Guzman was arrested in December 2010 following a 13-month investigation into the Maryville Pain Management Clinic, as well as the Breakthrough Pain Therapy Center. A federal grand jury in Knoxville returned multiple indictments against Guzman, who is not a licensed medical professional. However, she did not have to be licensed to own a pain management clinic, according to state law.
The indictment said that Guzman used information from her employees to buy controlled substances in bulk such as oxycodone, hydrocodone and oxycontin, among others, and give prescriptions.
$28,000 a day
Court records indicated that Guzman was earning as much as $28,000 a day in cash payments from patients at her clinic, which opened in the fall of 2008 at 118 Parliament Drive in Maryville.
The clinic also had another short-lived location on East Broadway Avenue, depending heavily on licensed medical personnel she employed.
Records noted patients paid up front to garner prescriptions for painkillers that most of her clients were addicted to. The fees ranged from $175 to $200 per visit, and those who did not have the fee would be turned away. However, Guzman reportedly would give a break to people she knew.

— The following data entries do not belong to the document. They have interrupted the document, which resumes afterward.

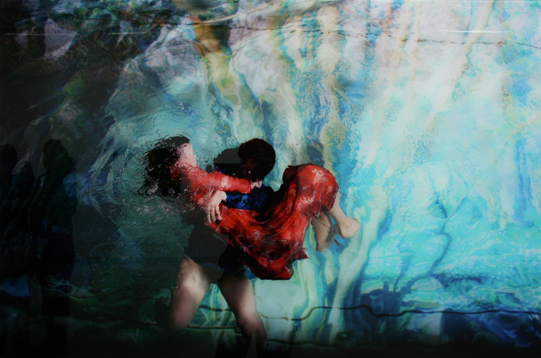 Det nederste er tatt i et basseng, med modeller som ligger oppi. Bakgrunnen er et stort bilde som er lagt på bunnen av bassenget.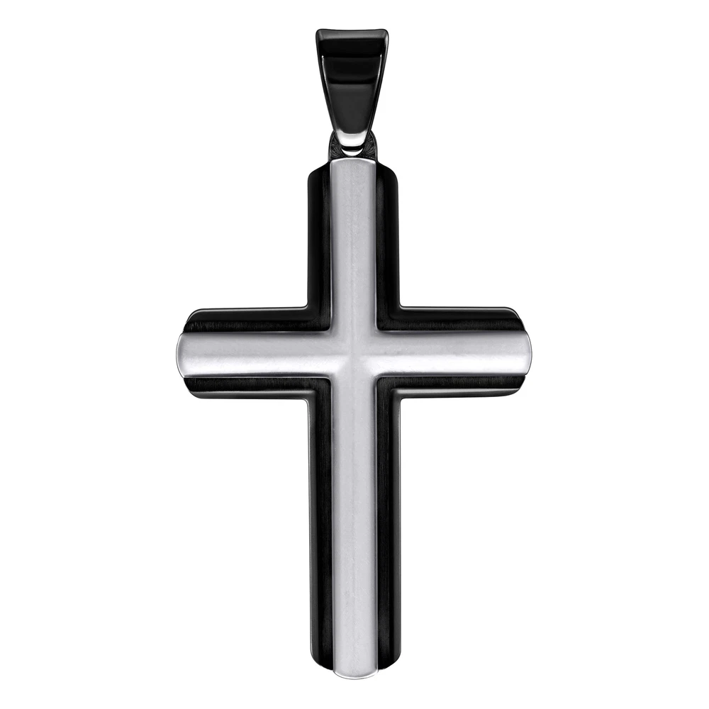 Stainless Steel Men's Rounded Cross Pendant Religious Charm | Color Options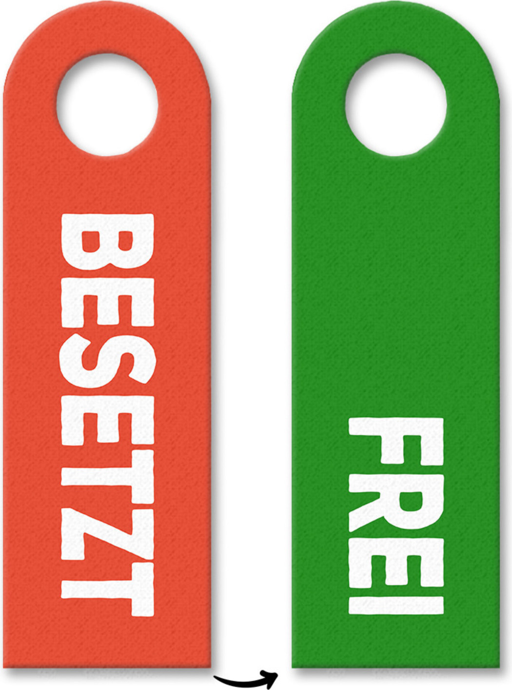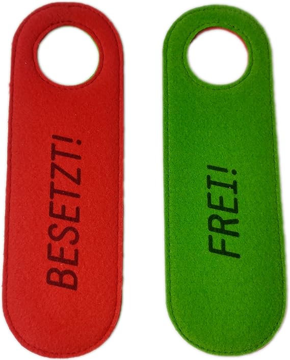 Endlich Klarheit auf der Toilette! Dieser praktische Türhänger zeigt sofort, ob das Klo besetzt oder frei ist. Einfach umdrehen - rot bedeutet 'Besetzt', grün bedeutet 'Frei'. Aus weichem Filz gefertigt, ca. 8x27cm groß, passt er an jede Toilettentür. Der hochwertige Druck sorgt für langanhaltende Farbbrillanz, die robuste Verarbeitung hält jahrelang. Kein mehr Raterei oder unangenehmes Klopfen - jeder sieht sofort, ob die Toilette belegt ist. Perfekt für Zuhause, Büro, Praxis oder Restaurant. Einfach über die Türklinke hängen und schon funktioniert's. Das clevere Design sieht nicht nur gut aus, sondern löst ein alltägliches Problem auf elegante Weise. Mach dein Badezimmer etwas organisierter mit diesem nützlichen Helfer!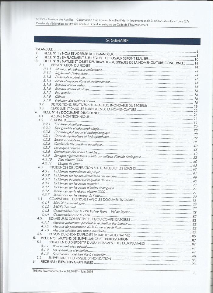 Le 27 mai 2019. Nous prenons encore connaissance de nouveaux éléments. En particulier, le promoteur ne pouvait pas commencer à construire avant juin 2018 pour deux raisons : d'abord il n'avait pas finalisé le bornage puisque le procès-verbal de "bornage amiable" n'a été terminé que le 31 mai et n'a été soumis à accord des riverains que de juillet à septembre 2018 ; ensuite parce que la préfecture avait interdit tout début de travaux tant qu'il n'y aurait pas autorisation de la DDT 37 quant à la "Loi sur l'Eau", dont la demande n'a été réceptionnée en préfecture que le 15 juin 2018. Cela montre que le retard est imputable au seul promoteur ; et aussi que les riverains avaient pleinement raison en soulignant que la DDT n'avait pas été consultée, ce qui constituait un des premiers motifs de recours. Le 7 juin 2018, dans l'ignorance de ces faits, le TGI de Tours a condamné cinq riverains et une association à payer 87 000 euros pour un retard qu'ils n'ont pas provoqué. La date d'audience pour l'appel, avec de nombreux et importants autres nouveaux éléments présentés ci-avant, n'est pas encore fixée.

Guzman would make cash bank deposits ranging from $1,000 to $10,000 almost daily.
Mays said investigators felt very confident that Guzman was in Florida. “That has always been her base of operation,” he said. “It’s an area she’s familiar with, and she has lots of associations and relatives down there.”
Any family members she may have had contact with while in Florida will likely not face any charges for attempting to harbor her, Mays said. “Harboring is a very difficult crime to prove, and I don’t think even after an investigation they can prove that case, so I would not expect it,” he said.